What you should do: Among the lines below, output only those between the line holding "de celles‑ci. |" and the line holding "FRANCE 1877 5Fr", inclusive, exactly as written and with no pictures.

Material supplied:

────────────────

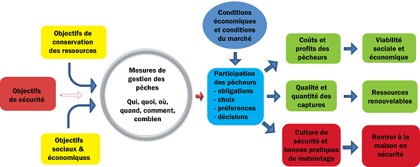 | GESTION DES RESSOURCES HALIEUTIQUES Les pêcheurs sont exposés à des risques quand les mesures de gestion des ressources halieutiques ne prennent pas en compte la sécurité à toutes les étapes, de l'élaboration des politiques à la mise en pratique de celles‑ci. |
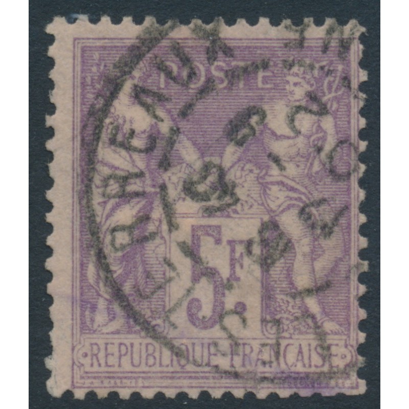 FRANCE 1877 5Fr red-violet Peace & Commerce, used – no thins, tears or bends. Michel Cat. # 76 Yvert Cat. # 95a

────────────────

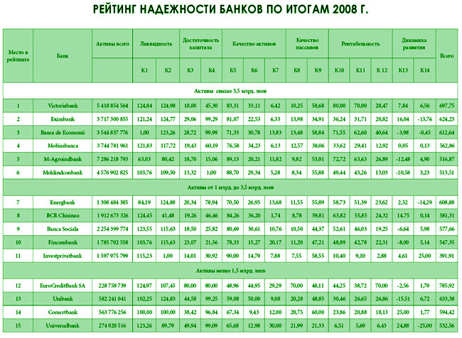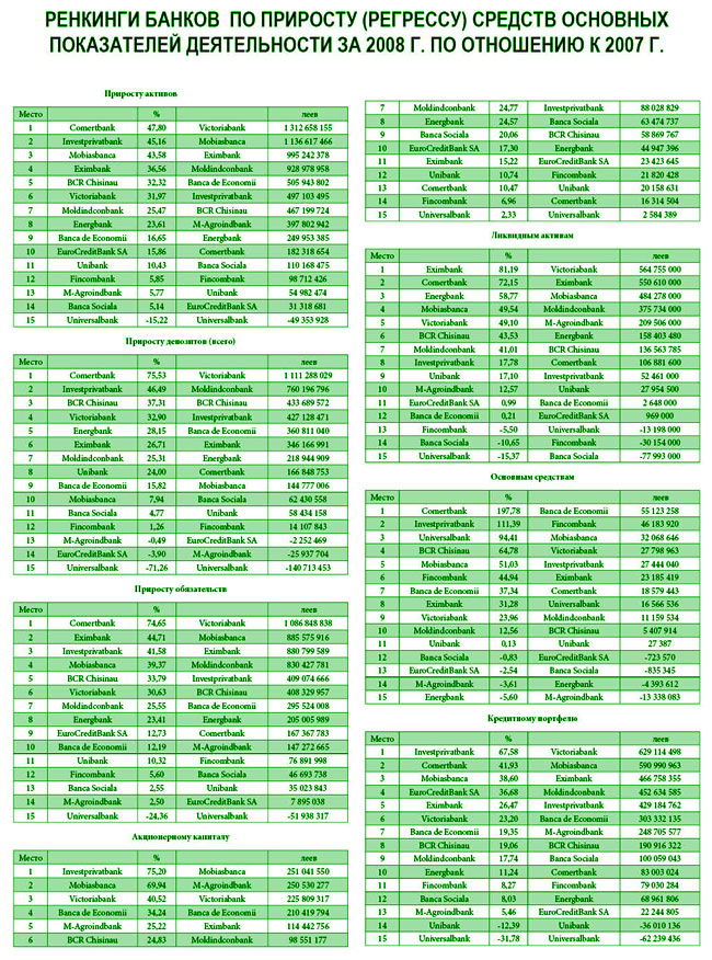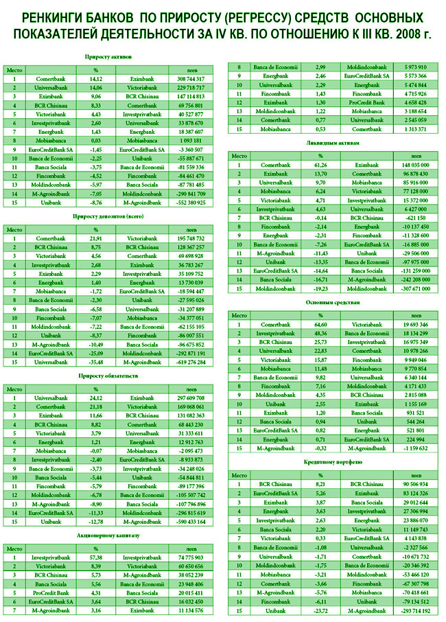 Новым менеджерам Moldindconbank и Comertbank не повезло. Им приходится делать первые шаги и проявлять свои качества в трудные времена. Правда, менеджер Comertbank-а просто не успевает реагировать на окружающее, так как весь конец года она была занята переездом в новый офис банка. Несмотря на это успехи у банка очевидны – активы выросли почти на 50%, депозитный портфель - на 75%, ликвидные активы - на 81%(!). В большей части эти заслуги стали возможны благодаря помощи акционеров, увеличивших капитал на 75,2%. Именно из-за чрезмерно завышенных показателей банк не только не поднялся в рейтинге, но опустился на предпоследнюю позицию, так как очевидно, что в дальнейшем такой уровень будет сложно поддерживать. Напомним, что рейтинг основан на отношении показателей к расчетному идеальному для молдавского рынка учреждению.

────────────────

Solution to this exercise:
 | GESTION DES RESSOURCES HALIEUTIQUES Les pêcheurs sont exposés à des risques quand les mesures de gestion des ressources halieutiques ne prennent pas en compte la sécurité à toutes les étapes, de l'élaboration des politiques à la mise en pratique de celles‑ci. |
 FRANCE 1877 5Fr red-violet Peace & Commerce, used – no thins, tears or bends. Michel Cat. # 76 Yvert Cat. # 95a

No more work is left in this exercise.